• _ABOUT THIS EXERCISE_
Each entry should be set down again verbatim, with the images omitted.

[Start of section]

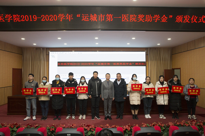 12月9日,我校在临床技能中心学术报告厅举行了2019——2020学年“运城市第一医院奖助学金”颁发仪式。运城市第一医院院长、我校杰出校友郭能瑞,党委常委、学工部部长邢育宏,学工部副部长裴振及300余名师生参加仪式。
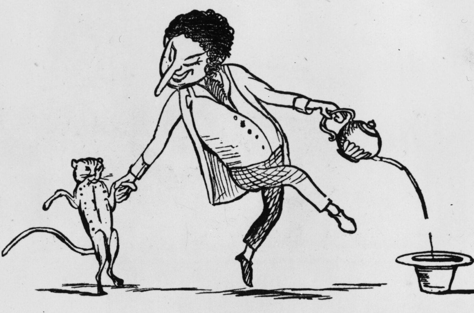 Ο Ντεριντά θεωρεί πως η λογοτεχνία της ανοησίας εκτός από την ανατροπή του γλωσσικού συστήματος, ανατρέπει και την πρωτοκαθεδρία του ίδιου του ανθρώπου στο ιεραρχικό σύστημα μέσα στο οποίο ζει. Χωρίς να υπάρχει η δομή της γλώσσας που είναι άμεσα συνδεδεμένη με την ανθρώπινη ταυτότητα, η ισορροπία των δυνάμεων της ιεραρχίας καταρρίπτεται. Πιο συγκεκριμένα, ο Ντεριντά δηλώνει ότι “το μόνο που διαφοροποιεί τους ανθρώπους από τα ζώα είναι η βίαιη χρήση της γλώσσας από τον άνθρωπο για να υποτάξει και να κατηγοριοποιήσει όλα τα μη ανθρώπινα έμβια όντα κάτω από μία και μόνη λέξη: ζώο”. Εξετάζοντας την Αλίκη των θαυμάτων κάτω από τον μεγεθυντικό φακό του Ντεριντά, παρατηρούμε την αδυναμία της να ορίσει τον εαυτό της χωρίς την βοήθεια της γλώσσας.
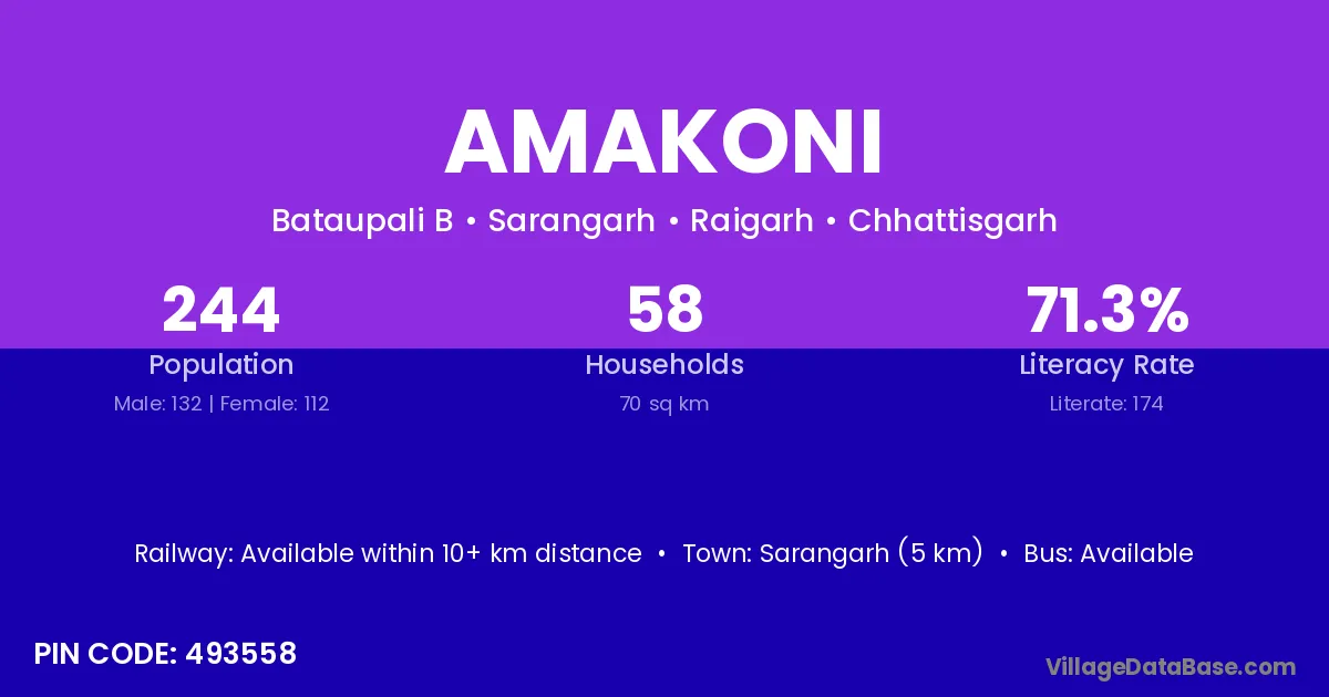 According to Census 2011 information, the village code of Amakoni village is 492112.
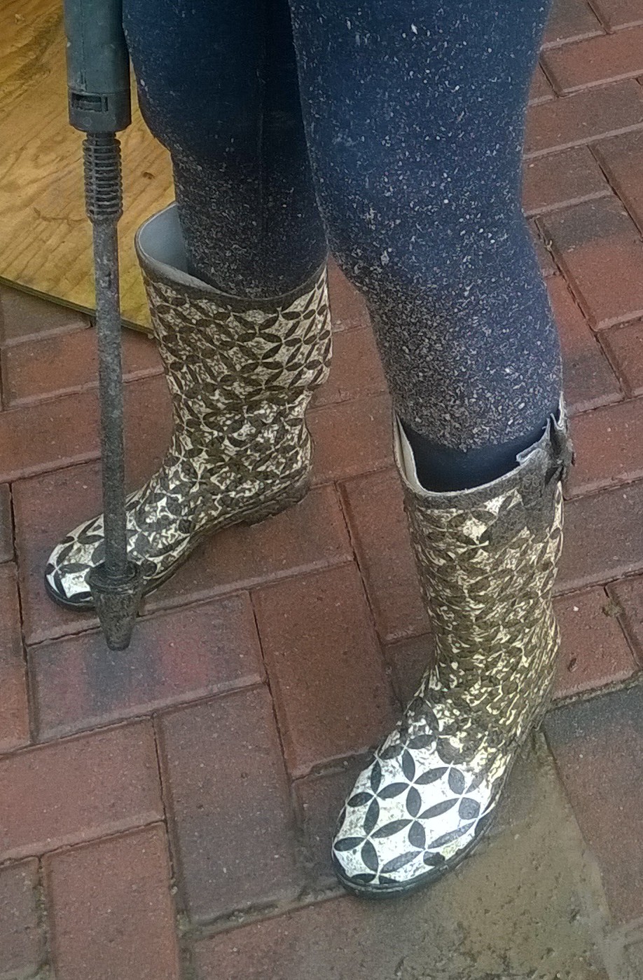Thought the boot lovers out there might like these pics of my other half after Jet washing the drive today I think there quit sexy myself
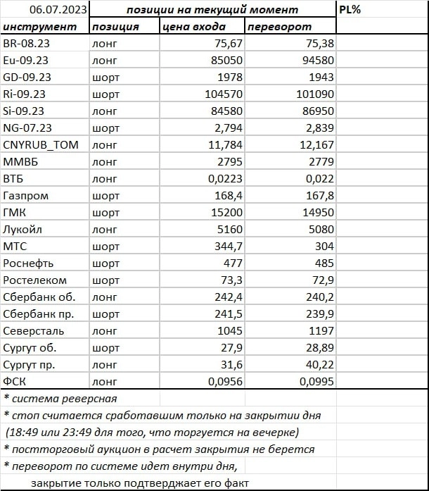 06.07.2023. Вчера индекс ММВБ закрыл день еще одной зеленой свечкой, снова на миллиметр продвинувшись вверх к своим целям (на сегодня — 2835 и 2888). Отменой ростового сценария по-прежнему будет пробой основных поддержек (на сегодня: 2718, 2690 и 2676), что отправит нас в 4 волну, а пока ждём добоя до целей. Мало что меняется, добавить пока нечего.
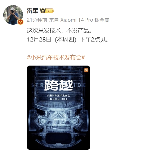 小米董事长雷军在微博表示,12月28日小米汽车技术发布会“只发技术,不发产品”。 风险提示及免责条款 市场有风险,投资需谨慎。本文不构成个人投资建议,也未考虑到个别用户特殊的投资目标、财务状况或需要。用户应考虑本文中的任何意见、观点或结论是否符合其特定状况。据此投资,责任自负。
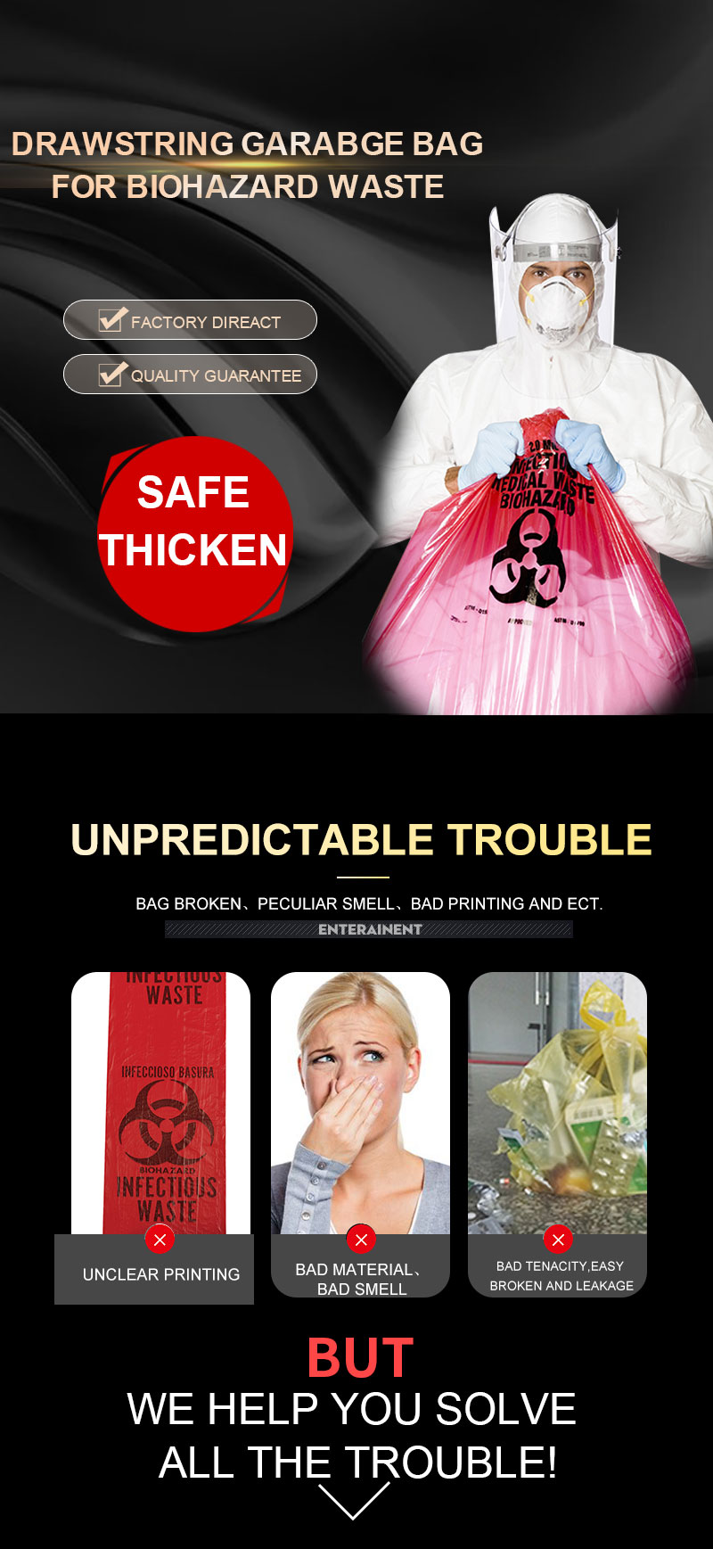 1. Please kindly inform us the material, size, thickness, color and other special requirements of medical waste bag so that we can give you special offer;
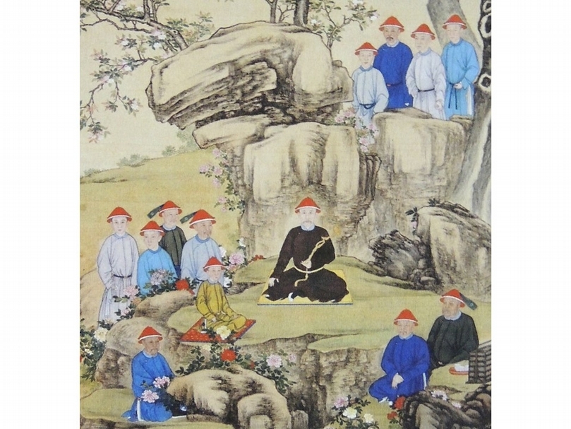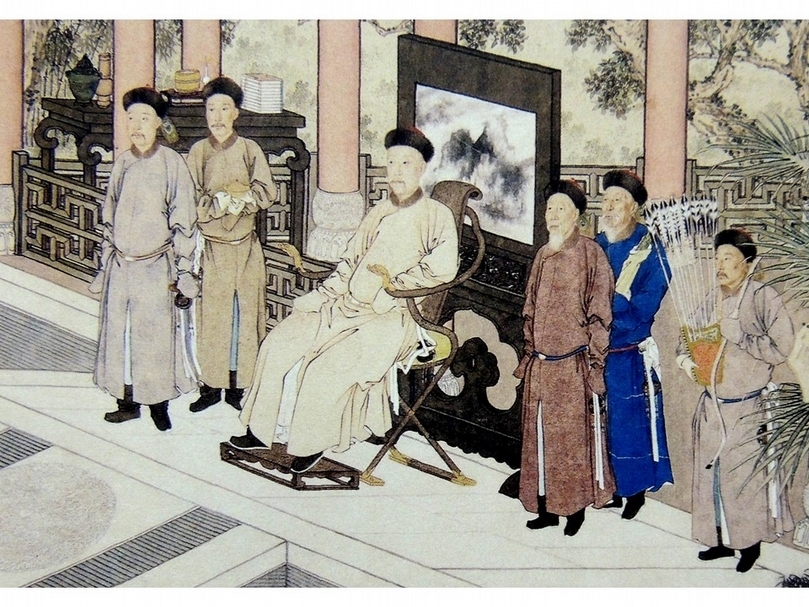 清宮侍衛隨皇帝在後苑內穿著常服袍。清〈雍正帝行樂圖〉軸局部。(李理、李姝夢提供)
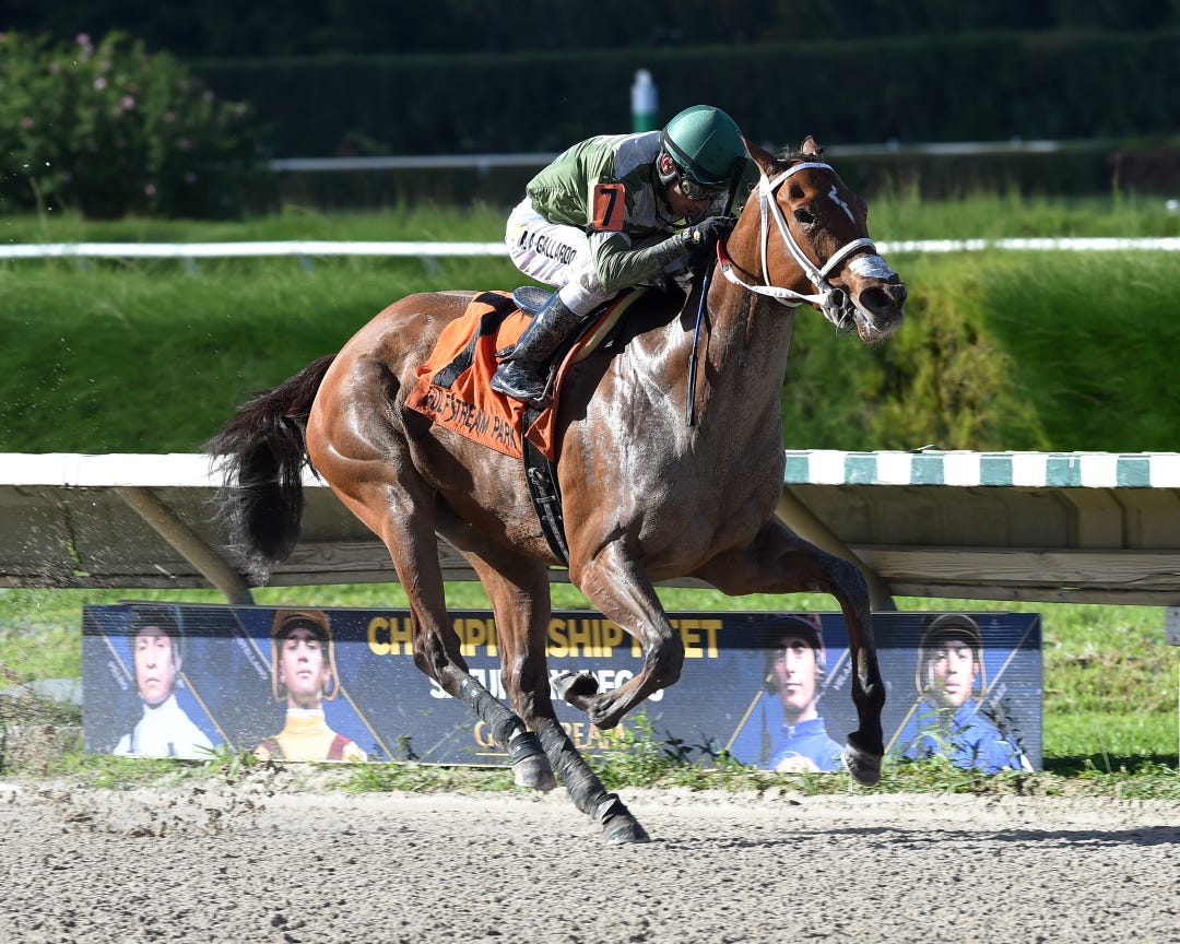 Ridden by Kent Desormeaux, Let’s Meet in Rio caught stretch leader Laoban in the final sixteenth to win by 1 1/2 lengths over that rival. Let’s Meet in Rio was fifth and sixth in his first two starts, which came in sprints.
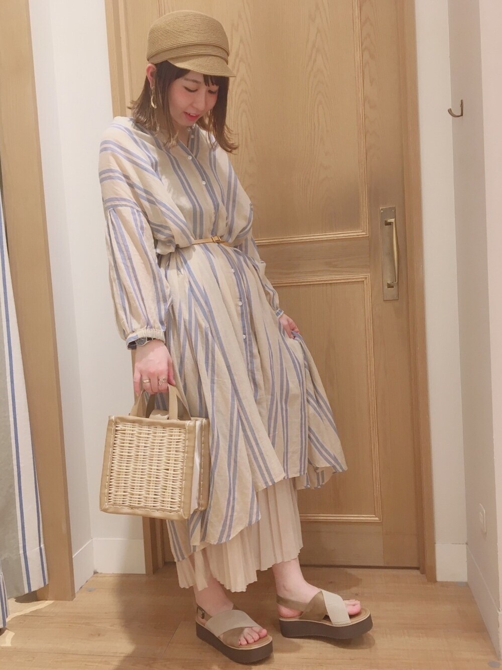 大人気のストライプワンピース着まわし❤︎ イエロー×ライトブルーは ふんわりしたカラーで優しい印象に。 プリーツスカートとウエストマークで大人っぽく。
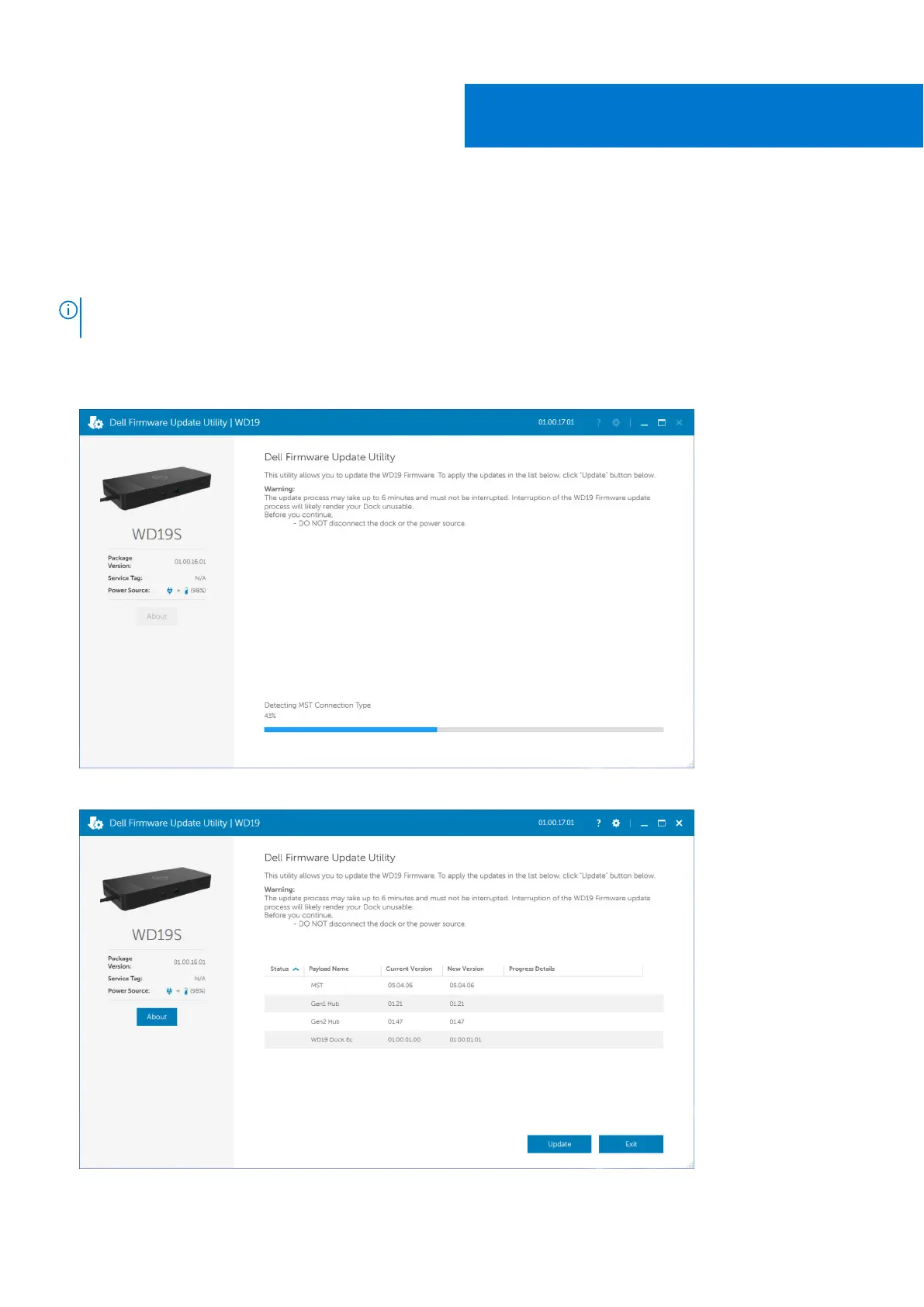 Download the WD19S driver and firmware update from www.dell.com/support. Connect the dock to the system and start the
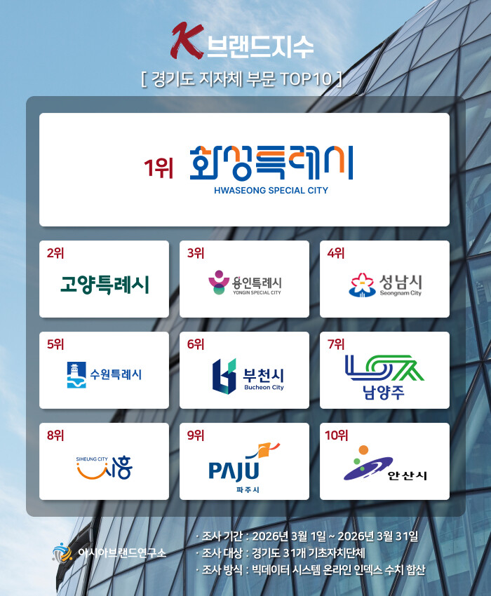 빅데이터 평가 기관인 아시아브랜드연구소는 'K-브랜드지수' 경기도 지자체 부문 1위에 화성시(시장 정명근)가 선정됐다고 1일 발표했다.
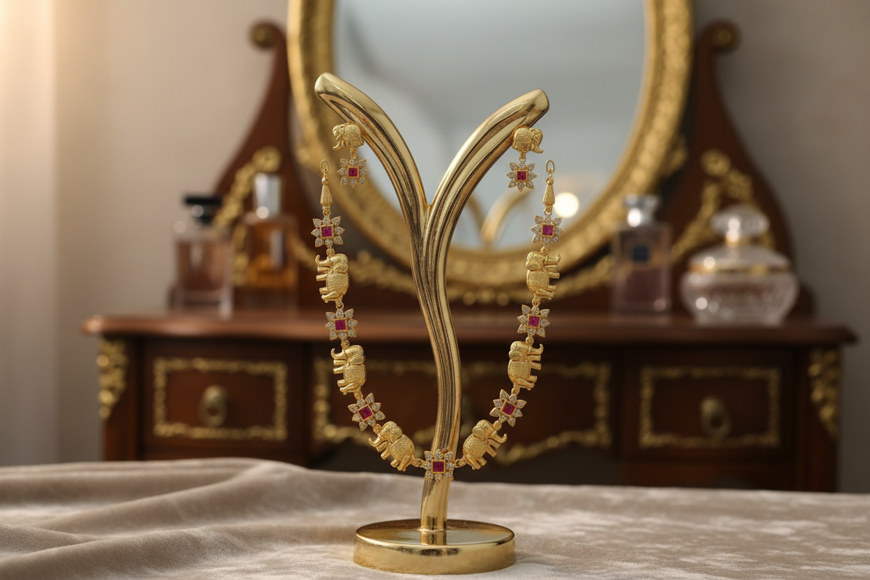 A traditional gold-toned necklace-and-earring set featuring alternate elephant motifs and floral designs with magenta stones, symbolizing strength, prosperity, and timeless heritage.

[End of section]

• _SOLUTION TO THE PROBLEM_
 12月9日,我校在临床技能中心学术报告厅举行了2019——2020学年“运城市第一医院奖助学金”颁发仪式。运城市第一医院院长、我校杰出校友郭能瑞,党委常委、学工部部长邢育宏,学工部副部长裴振及300余名师生参加仪式。
 Ο Ντεριντά θεωρεί πως η λογοτεχνία της ανοησίας εκτός από την ανατροπή του γλωσσικού συστήματος, ανατρέπει και την πρωτοκαθεδρία του ίδιου του ανθρώπου στο ιεραρχικό σύστημα μέσα στο οποίο ζει. Χωρίς να υπάρχει η δομή της γλώσσας που είναι άμεσα συνδεδεμένη με την ανθρώπινη ταυτότητα, η ισορροπία των δυνάμεων της ιεραρχίας καταρρίπτεται. Πιο συγκεκριμένα, ο Ντεριντά δηλώνει ότι “το μόνο που διαφοροποιεί τους ανθρώπους από τα ζώα είναι η βίαιη χρήση της γλώσσας από τον άνθρωπο για να υποτάξει και να κατηγοριοποιήσει όλα τα μη ανθρώπινα έμβια όντα κάτω από μία και μόνη λέξη: ζώο”. Εξετάζοντας την Αλίκη των θαυμάτων κάτω από τον μεγεθυντικό φακό του Ντεριντά, παρατηρούμε την αδυναμία της να ορίσει τον εαυτό της χωρίς την βοήθεια της γλώσσας.
 According to Census 2011 information, the village code of Amakoni village is 492112.
Thought the boot lovers out there might like these pics of my other half after Jet washing the drive today I think there quit sexy myself
 06.07.2023. Вчера индекс ММВБ закрыл день еще одной зеленой свечкой, снова на миллиметр продвинувшись вверх к своим целям (на сегодня — 2835 и 2888). Отменой ростового сценария по-прежнему будет пробой основных поддержек (на сегодня: 2718, 2690 и 2676), что отправит нас в 4 волну, а пока ждём добоя до целей. Мало что меняется, добавить пока нечего.
 小米董事长雷军在微博表示,12月28日小米汽车技术发布会“只发技术,不发产品”。 风险提示及免责条款 市场有风险,投资需谨慎。本文不构成个人投资建议,也未考虑到个别用户特殊的投资目标、财务状况或需要。用户应考虑本文中的任何意见、观点或结论是否符合其特定状况。据此投资,责任自负。
 1. Please kindly inform us the material, size, thickness, color and other special requirements of medical waste bag so that we can give you special offer;
 清宮侍衛隨皇帝在後苑內穿著常服袍。清〈雍正帝行樂圖〉軸局部。(李理、李姝夢提供)
 Ridden by Kent Desormeaux, Let’s Meet in Rio caught stretch leader Laoban in the final sixteenth to win by 1 1/2 lengths over that rival. Let’s Meet in Rio was fifth and sixth in his first two starts, which came in sprints.
 大人気のストライプワンピース着まわし❤︎ イエロー×ライトブルーは ふんわりしたカラーで優しい印象に。 プリーツスカートとウエストマークで大人っぽく。
 Download the WD19S driver and firmware update from www.dell.com/support. Connect the dock to the system and start the
 빅데이터 평가 기관인 아시아브랜드연구소는 'K-브랜드지수' 경기도 지자체 부문 1위에 화성시(시장 정명근)가 선정됐다고 1일 발표했다.
 A traditional gold-toned necklace-and-earring set featuring alternate elephant motifs and floral designs with magenta stones, symbolizing strength, prosperity, and timeless heritage.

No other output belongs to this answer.